Смерть ростовщика - Мале Лео. Страница 23
В среду после обеда моего слуха коснулся разгневанный голос госпожи Жакье. Ни здравствуйте, ничего. Вместо этого сухим, не терпящим возражений тоном:
– Мне нужно с вами повидаться. Срочно.
– В чем дело? – спросил я.
– Ну, конечно, вы ведь ничего не знаете... – Короткий недоверчивый смешок. – ...В таком случае, разумеется, бесполезно тратить наше время. И мои деньги. Не будете ли вы так любезны вернуть мне чек? Мэтр Диану был прав. Мы прекрасно можем справиться сами, без помощи детектива.
Это меня не устраивало.
– Я уже проделал кое-какую работу. Мне кажется, будет лучше, если я все же приеду к вам.
– Не задерживайтесь.
На улице Ториньи дверь мне открыла невзрачная пожилая женщина с грустным выражением на лице и плечами, согбенными под тяжестью лет и забот. Без сомнения, мать того рабочего-литейщика, сошедшего с ума. Да, чего-чего, а психов в окружении госпожи Жакье хватало.

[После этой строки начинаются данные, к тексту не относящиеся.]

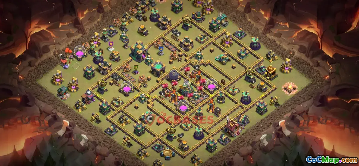 The Town Hall 14 war base in Clash of Clans is designed to provide strategic defenses against opponents during clan wars. This base layout typically features well-placed walls, traps, and defensive structures such as Archer Towers, Cannons, and Wizard Towers to protect the Town Hall and resources. The main goal of this design is to prevent enemy troops from easily reaching and destroying the Town Hall, which is crucial for winning wars and earning stars.
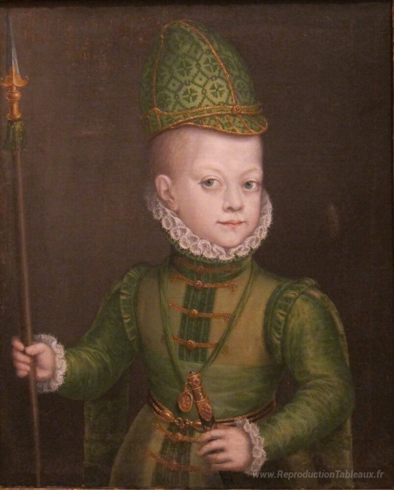 Nous vous proposons une reproduction artisanale sur toile du célèbre tableau 'Portrait d'un garçon à la cour espagnole' de Sofonisba Anguissola, provenant du Musée de la Reproduction.
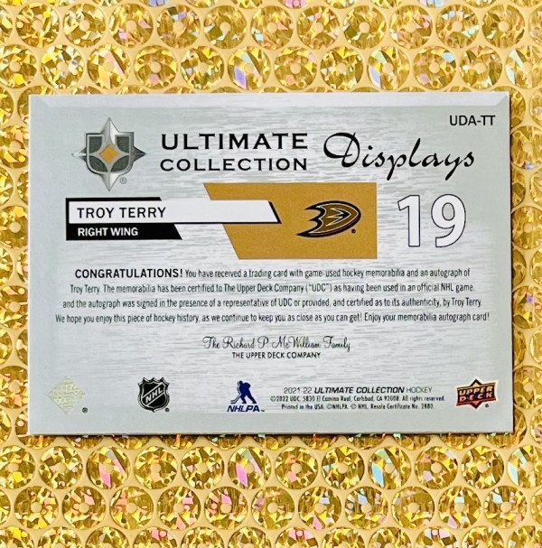 2021-22 UD Ultimate Collection #UDA-TT Troy Terry Game-Used Patch Auto /135
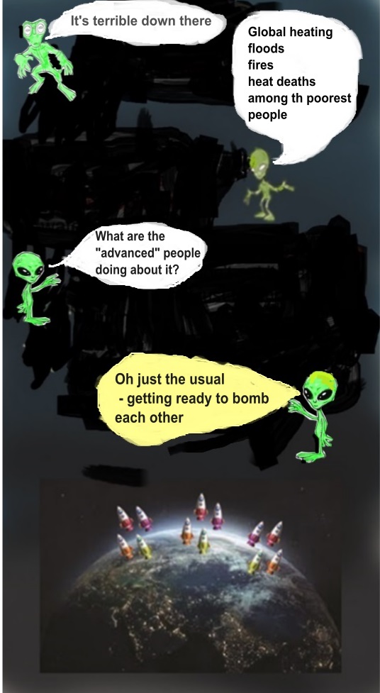 And that we’re all in the same perilous boat -and the job is to deal with climate change – not to enrich weapons manufacturers.
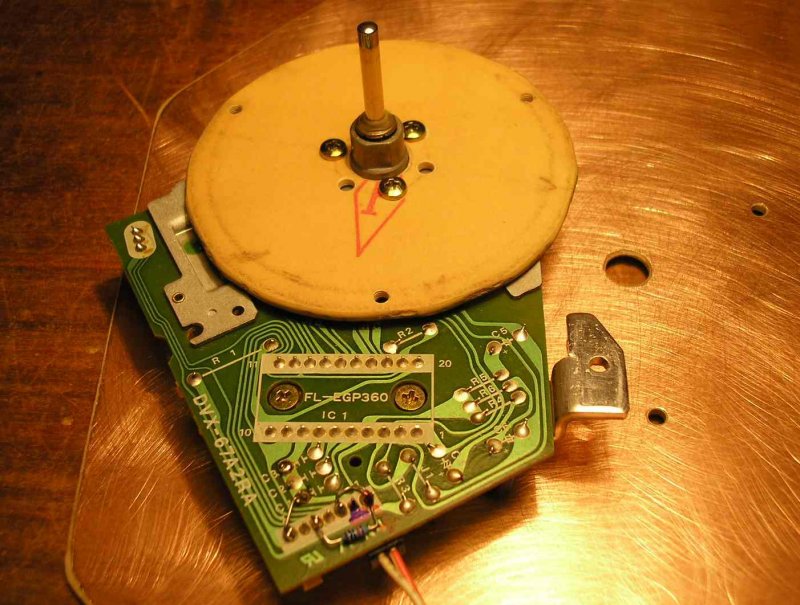 Csak nem hagyott nyugodni a dolog, elkezdtem ezzel a videó-fejmotorból kiszerelt forgótrafóval egy újabb propeller órát építeni. Sikerült találni még egy alkalmas Capstan motort, ez már ugyan nem tud olyan nagy fordulattal dolgozni, de mégis megfelelő lesz. Az áramfelvétele is jóval nagyobb terheléskor, vagyis kb. 320-350mA kell 1200 fordulathoz. Próbálok még javítani ezen is. (A forgótrafó álló tekercs menetszáma 2x2/0.25CuZ, a forgórészen 2x5menet/0.12Cuz van. Kipróbálva, az álló sorosan, a forgó párhuzamosan kötve lett jó). Az összeállítás képein már látható, hogy ez lényegesen alacsonyabb építésű szerkezet lett..
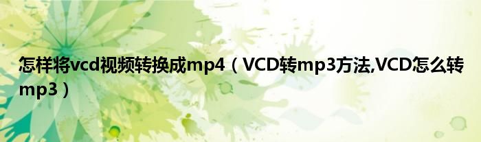 大家好,综合小编来为大家讲解下怎样将vcd视频转换成mp4,VCD转mp3方法,VCD怎么转mp3这个很多人还不知道,现在让我们一起来看看吧!
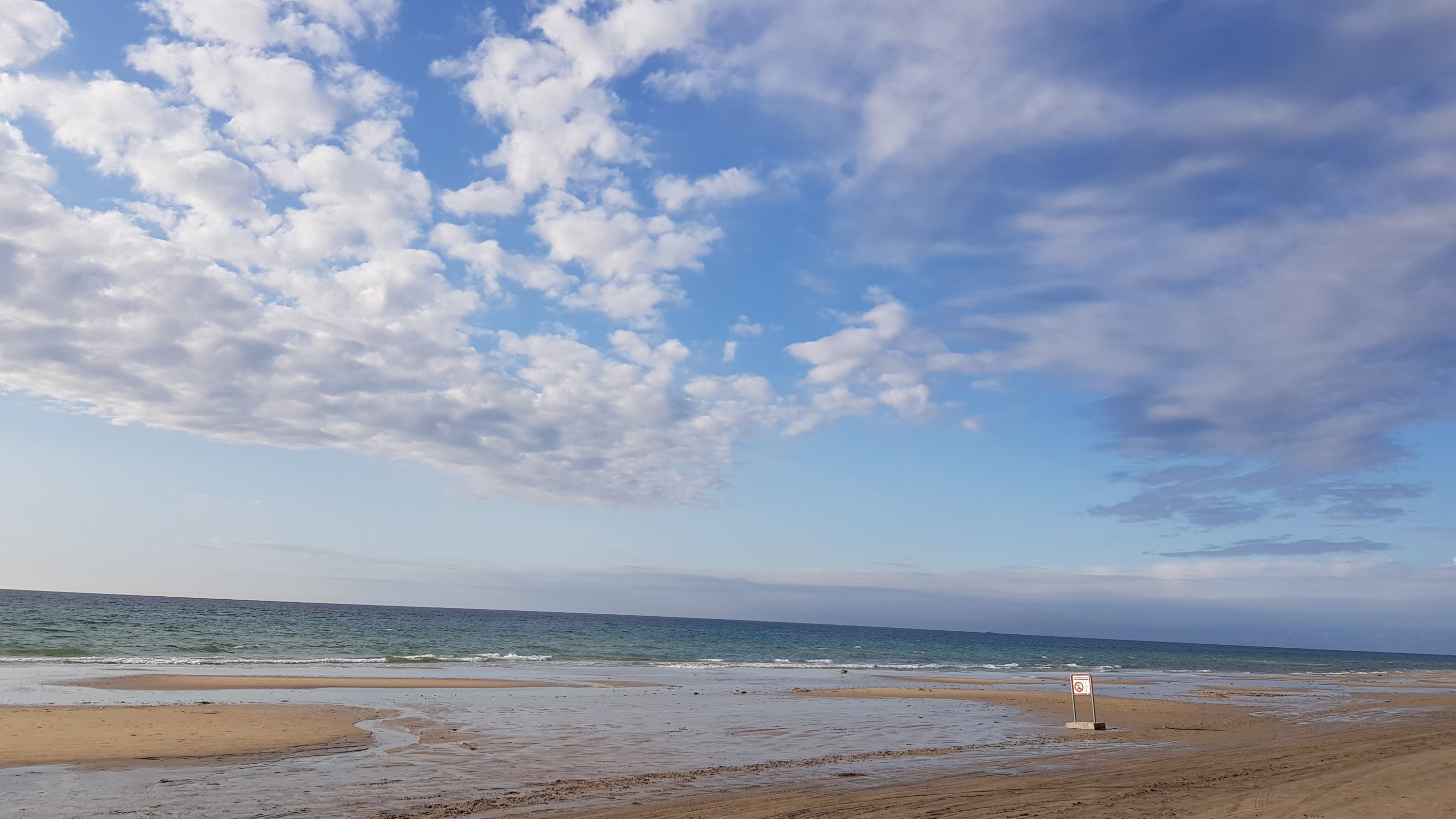 Op donderdag zou het mooi weer worden, dus we dachten naar het strand te gaan om de surfers te bekijken. Helaas pindakaas: mooi weer maar geen zuchtje wind, dus een heel vlakke zee zonder golven, dus niks te surfen.
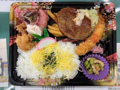おかずも 唐揚げ ハンバーグ エビフライ と ボリューミー
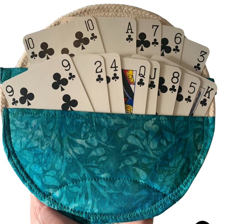 A card holder for up to 13 playing cards, ideal for Bridge, Canasta or UNO. Approximately 6 1/2” (16cms) and 100% cotton.
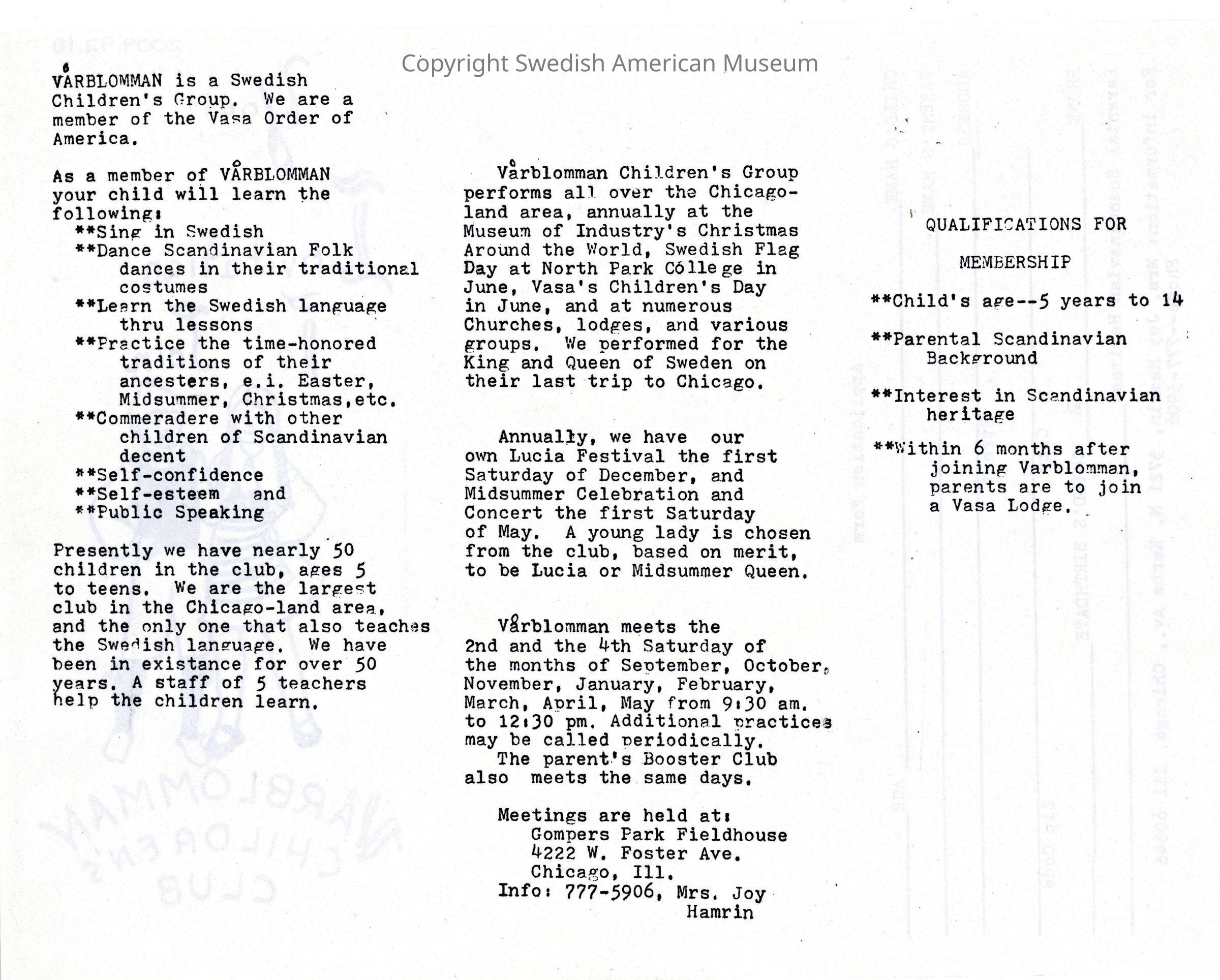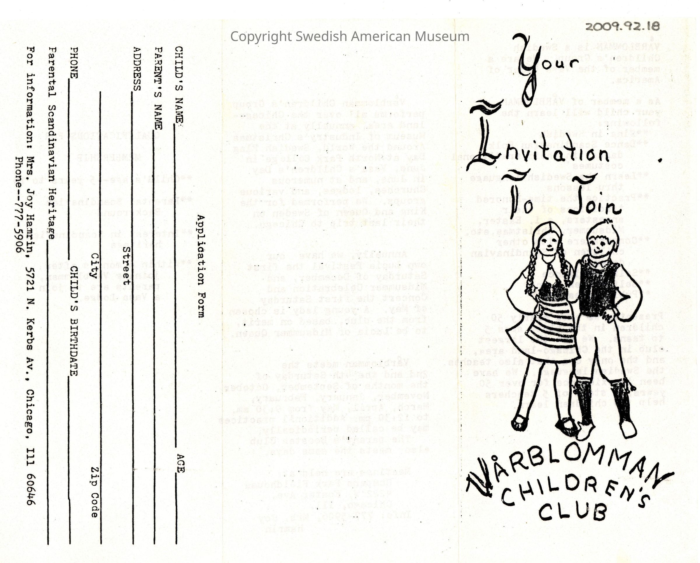 Invitation to join Vårblomman Children's Club in Chicago, Illinois.Context
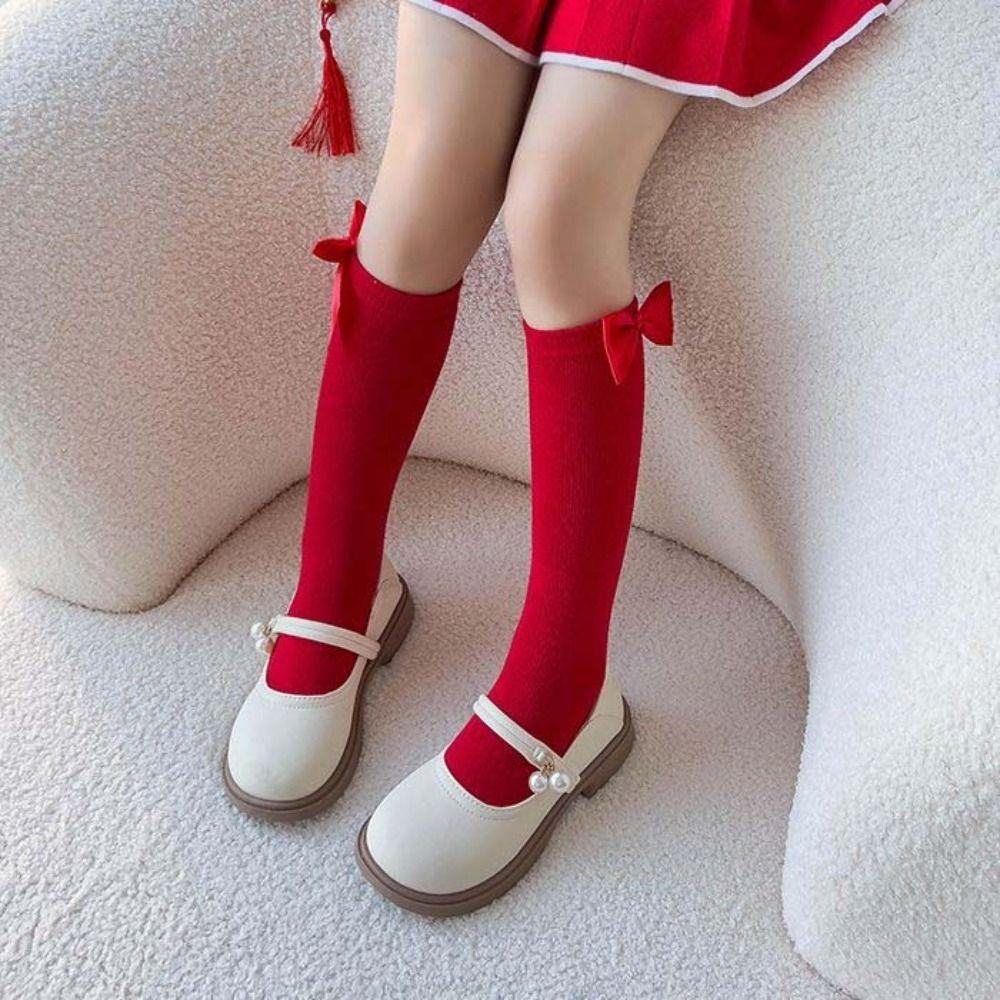 MidTube Bow Hosiery for Kids Cotton Children Long Socks Sleeping New Year Red Socks Autumn
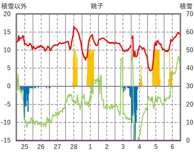 | 日 | 時 | 気温 | 降水 | 風向/風速 | 日照 | 積雪 | 降雪 |
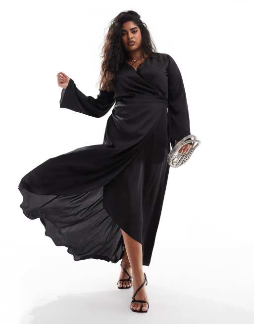 TFNC Plus satin long sleeve wrap maxi dress in black
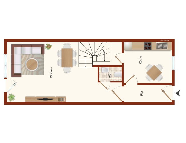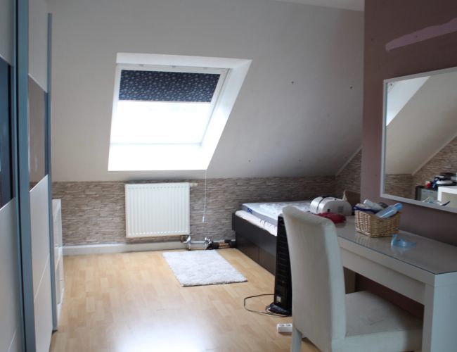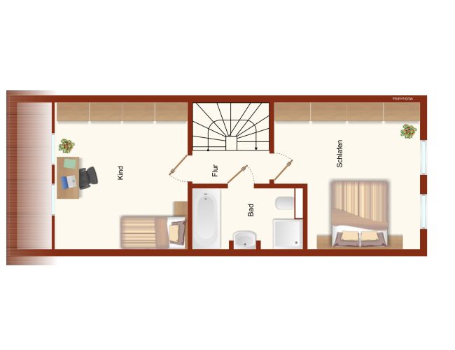 Im Erdgeschoss des Hauses erwartet Sie ein großzügiger und lichtdurchfluteter Wohnbereich mit Ausgang in den Garten mit Südausrichtung. Auf dieser Etage ist weiterhin die großzügige Küche mit Einbaumöbeln, ein Gäste-WC, der Flur und die Garderobe untergebracht. Im Obergeschoß befindet sich das Bad mit Dusche und Wanne neben dem großen Schlafzimmer. Daneben ist ein weiteres Zimmer mit Gartenblick vorhanden. Das Dachgeschoss braucht wenig Phantasie für diverse Nutzungsmöglichkeiten.
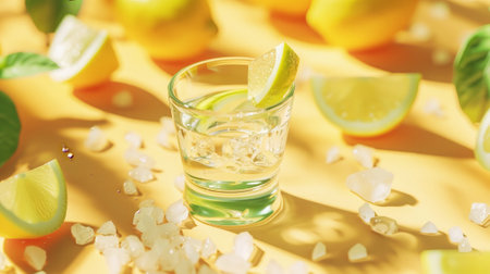 Shot glass of tequila with lemon and salt on a yellow background. Advertising concept. Party concept. Generative AI.

Сама госпожа Жакье стояла в темноте вестибюля метрах в двух позади прислуги, суровая как сама Справедливость и явно настроенная задать мне головомойку.
– Следуйте за мной, – приказала она.
Мы прошли в огромную гостиную с буржуазной мебелью и аристократическим потолком. На сей раз для встречи со мной бутылку не приготовили. Хозяйка даже не предложила мне сесть. И сама не села, а заходила взад-вперед по комнате, словно собираясь побить рекорд скорости передвижения в замкнутом пространстве.
– Я схожу с ума, – заявила она.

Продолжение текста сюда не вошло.